Exercise – A verbatim copy of all the data is required; the pictures should not appear in it.

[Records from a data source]
########################################

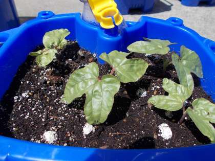 運動場に出てみると、みんなでまいたアサガオの種から芽が出て葉も開きました。
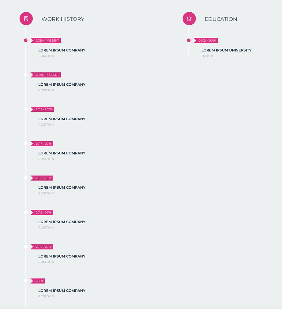 ABOUT ME bölümünde fotoğraf ve kişisel bilgiler yer alıyor. Sonrasında MORE sayfası ekledik ve İŞ DENEYİMİ ve EĞİTİM DURUMU bölümleri ekledik.
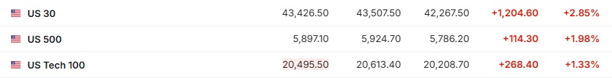 1. 11月6日(周三)美股盘前,美股三大股指期货齐涨。截至发稿,道指期货涨2.85%,标普500指数期货涨1.98%,纳指期货涨1.33%。
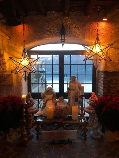 A charming square aglow with Christmas spirit, where the historic church delights visitors with a beautifully crafted Nativity scene.
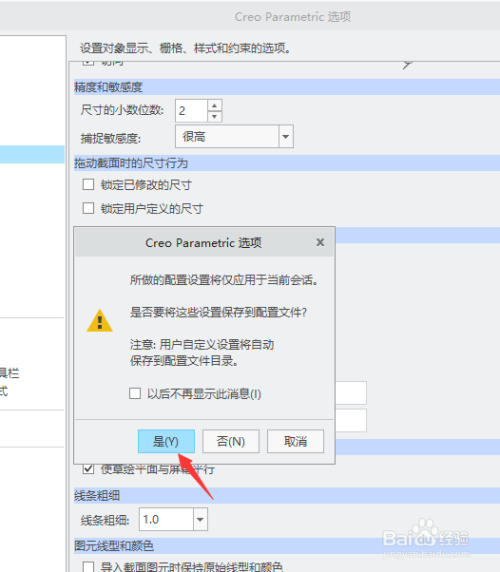 单击”Creo Parametric 选项“对话框中的”确定“。
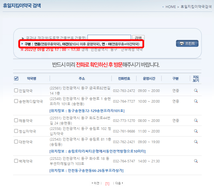 검색이 완료되면 아래와 같이 해당 지역의 날짜와 시간에 운영하는 약국목록이 나타납니다.
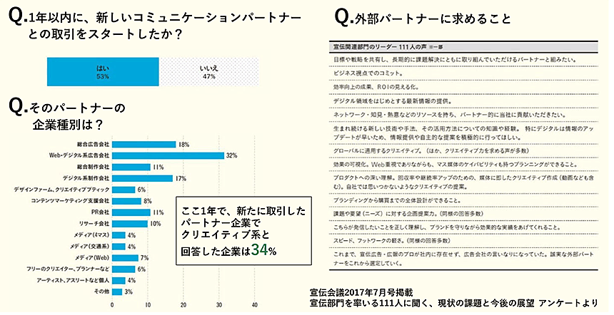 そうした状況下、企業の担当者が抱える大きな悩みの一つとして、それぞれの制作物のクオリティ・効果を最大化できるクリエイティブパートナーをどのように選んでいいかわからないというものがあります。
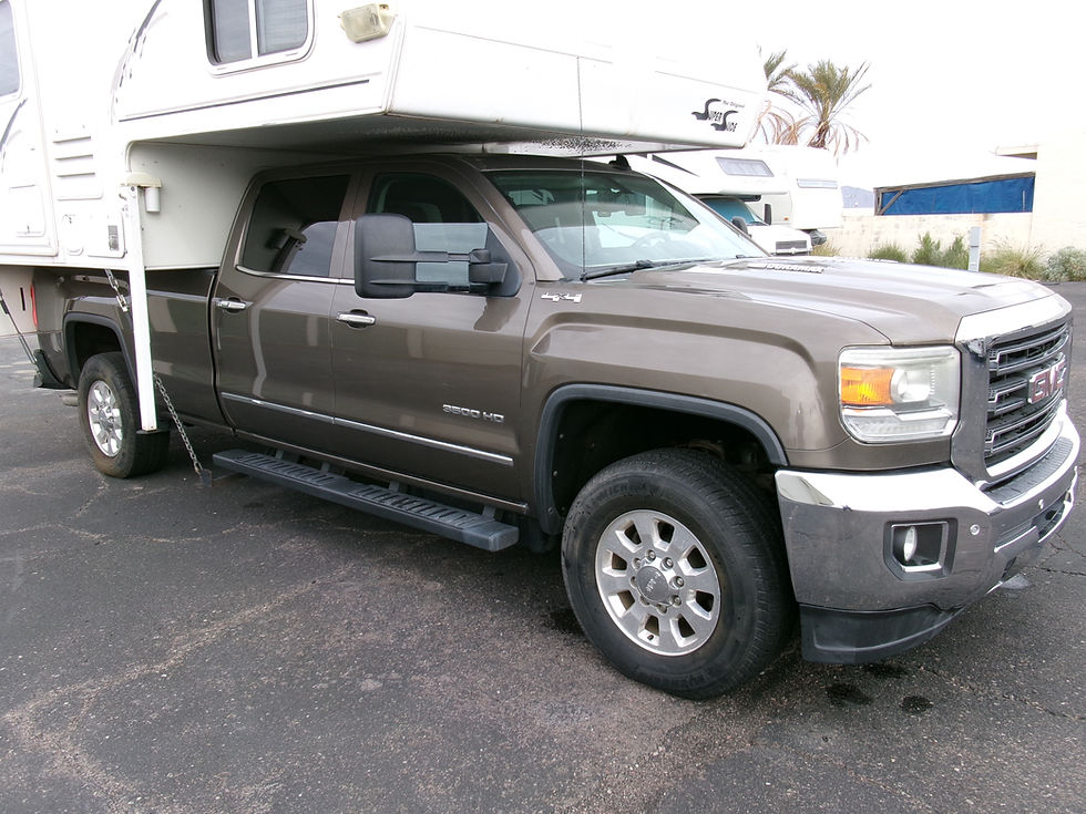 2015 GMC Sierra 3500 SLT Crew Cab 4X4 Duramax Diesel, Single Rear Wheel. Local Trade In. Matching 2020 Michelin Tires with no odd wear. Rear Airbags with onboard remote compressor. It is a light detail away from being as nice as you will find. No known issues. It is exceptionally well optioned. See window sticker photos for options. VIN in photos as well. Clean Carfax. We have the tailgate with the truck when the camper comes off. $29,999.
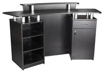 Стойка Имидж Мастер ВЕРОНА используется в холлах и залах ожидания парикмахерских, барбершопов, маникюрных студий, массажных кабинетов, салонов красоты и косметологических центров для комфортного взаимодействия администратора с клиентами. Модель оснащена 2 тумбами, широкой столешницей для работника с надстольной полкой для обмена информацией. Одна из тумб оборудована распашной дверцей и выдвижным ящиком, другая – открытым отделением с 3 полками. Корпус, полки и ящик выполнены из качественной ламинированной древесно-стружечной плиты с облицовкой влагостойкой пленкой, фронтальная панель – из пластика. Особенности:
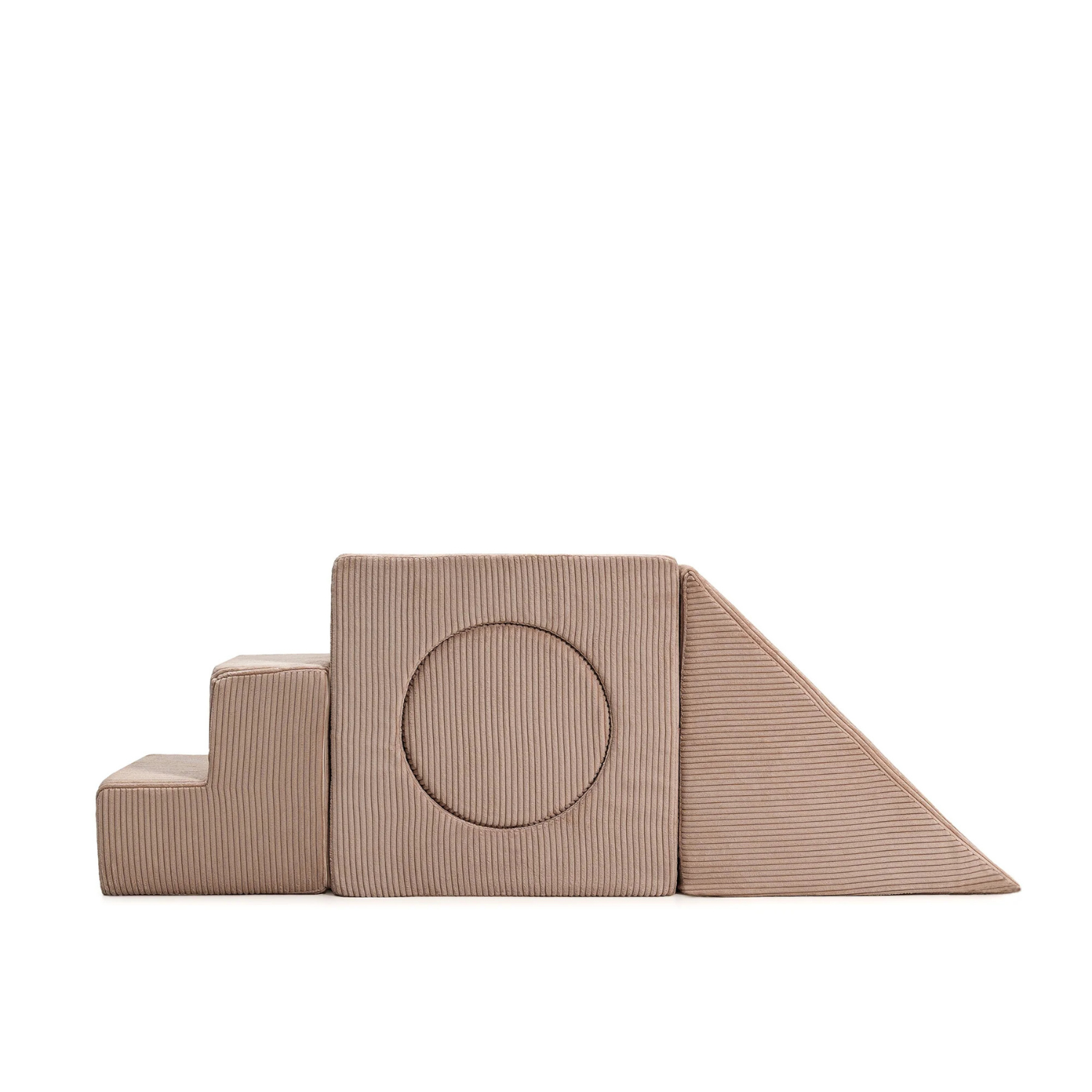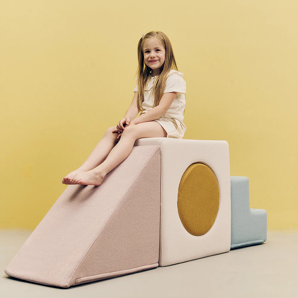 Zestaw został zaprojektowany z myślą o maksymalnej swobodzie kreatywnej zabawy i codziennej aktywności dzieci. Składa się z czterech elementów, które można dowolnie łączyć, przestawiać i wykorzystywać na wiele sposobów – do wspinania, zjeżdżania, budowania konstrukcji czy tworzenia własnych torów przeszkód.Każdy element zachęca do ruchu, rozwija motorykę, koordynację oraz wyobraźnię przestrzenną, a jednocześnie doskonale współgra z sofą do zabawy, tworząc bezpieczną i inspirującą przestrzeń do aktywnego spędzania czasu. To idealne rozwiązanie dla dzieci, które uczą się poprzez zabawę i dla rodziców, którzy szukają funkcjonalnych, rozwojowych rozwiązań do domu. Zestaw został wykonany z bezpiecznych, miękkich materiałów, odpowiednich do codziennej zabawy najmłodszych.

########################################

Written solution –
 運動場に出てみると、みんなでまいたアサガオの種から芽が出て葉も開きました。
 ABOUT ME bölümünde fotoğraf ve kişisel bilgiler yer alıyor. Sonrasında MORE sayfası ekledik ve İŞ DENEYİMİ ve EĞİTİM DURUMU bölümleri ekledik.
 1. 11月6日(周三)美股盘前,美股三大股指期货齐涨。截至发稿,道指期货涨2.85%,标普500指数期货涨1.98%,纳指期货涨1.33%。
 A charming square aglow with Christmas spirit, where the historic church delights visitors with a beautifully crafted Nativity scene.
 单击”Creo Parametric 选项“对话框中的”确定“。
 검색이 완료되면 아래와 같이 해당 지역의 날짜와 시간에 운영하는 약국목록이 나타납니다.
 そうした状況下、企業の担当者が抱える大きな悩みの一つとして、それぞれの制作物のクオリティ・効果を最大化できるクリエイティブパートナーをどのように選んでいいかわからないというものがあります。
 2015 GMC Sierra 3500 SLT Crew Cab 4X4 Duramax Diesel, Single Rear Wheel. Local Trade In. Matching 2020 Michelin Tires with no odd wear. Rear Airbags with onboard remote compressor. It is a light detail away from being as nice as you will find. No known issues. It is exceptionally well optioned. See window sticker photos for options. VIN in photos as well. Clean Carfax. We have the tailgate with the truck when the camper comes off. $29,999.
 Стойка Имидж Мастер ВЕРОНА используется в холлах и залах ожидания парикмахерских, барбершопов, маникюрных студий, массажных кабинетов, салонов красоты и косметологических центров для комфортного взаимодействия администратора с клиентами. Модель оснащена 2 тумбами, широкой столешницей для работника с надстольной полкой для обмена информацией. Одна из тумб оборудована распашной дверцей и выдвижным ящиком, другая – открытым отделением с 3 полками. Корпус, полки и ящик выполнены из качественной ламинированной древесно-стружечной плиты с облицовкой влагостойкой пленкой, фронтальная панель – из пластика. Особенности:
 Zestaw został zaprojektowany z myślą o maksymalnej swobodzie kreatywnej zabawy i codziennej aktywności dzieci. Składa się z czterech elementów, które można dowolnie łączyć, przestawiać i wykorzystywać na wiele sposobów – do wspinania, zjeżdżania, budowania konstrukcji czy tworzenia własnych torów przeszkód.Każdy element zachęca do ruchu, rozwija motorykę, koordynację oraz wyobraźnię przestrzenną, a jednocześnie doskonale współgra z sofą do zabawy, tworząc bezpieczną i inspirującą przestrzeń do aktywnego spędzania czasu. To idealne rozwiązanie dla dzieci, które uczą się poprzez zabawę i dla rodziców, którzy szukają funkcjonalnych, rozwojowych rozwiązań do domu. Zestaw został wykonany z bezpiecznych, miękkich materiałów, odpowiednich do codziennej zabawy najmłodszych.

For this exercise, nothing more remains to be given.